In a large cohort of more than 500 patients aged 70 years and older, 18% stated they were experiencing financial problems related to the cost of their treatment and that this was taking a toll on their care, quality of life, and mental well-being.

Compared with those not experiencing financial issues, patients reporting financial toxicity had a higher prevalence of severe anxiety (18% vs 7%) and depression (27% vs 21%), as well as a poorer quality of life (41% vs 22%).

The study also found that many older patients report delaying taking medication and/or are unable to afford their basic needs, explained lead author Asad Arastu, MSc, a medical student at the University of Rochester.

“Patients said that they were unable to afford medication and also had problems like the need to take time off work, not being able to afford gas, and cost concerns in other domains,” he told “There are a lot of missed opportunities, as patients have these concerns and they are not being discussed.”

The findings will be presented at the American Society of Clinical Oncology (ASCO) Quality Care Symposium 2018. The study is a secondary analysis of baseline data from a geriatric assessment intervention study that was conducted across 31 practice sites.

Well-Established “Side Effect” of Cancer Therapy

Financial toxicity has become a well-established “side effect” of cancer care, with many patients experiencing varying levels of distress related to the cost of their care.

However, financial toxicity is a subjective measure without a standard definition, Arastu commented. In order to measure the impact of financial toxicity on cancer patients in their study, the team developed an easy-to-use screening measure for cancer patients based on the current literature.

Patients were categorized as experiencing financial toxicity if they answered yes to any of three questions:

  • Have you ever delayed medications because of cost?
  • Have you ever had insufficient income in a typical month for food or housing?
  • Have you ever had insufficient income in a typical month for other basic needs?

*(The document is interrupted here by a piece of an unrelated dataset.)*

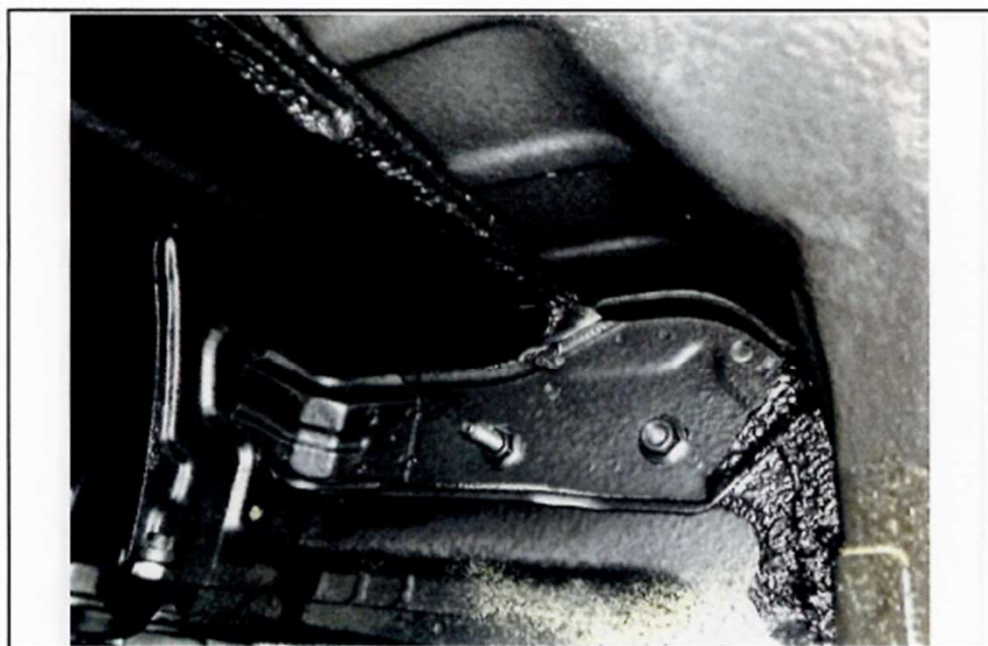
塗装完了後（後方部）

“The three questions are practical and easy for oncologists to use,” said Arastu, noting that measurement and assessment tools can often be cumbersome and time consuming for both the patient and physician to fill out.

Senior author Supriya Gupta Mohile, MD, the Wehrheim professor of medicine at the Wilmot Cancer Institute, University of Rochester Medical Center, agrees and said the study has changed her own practice.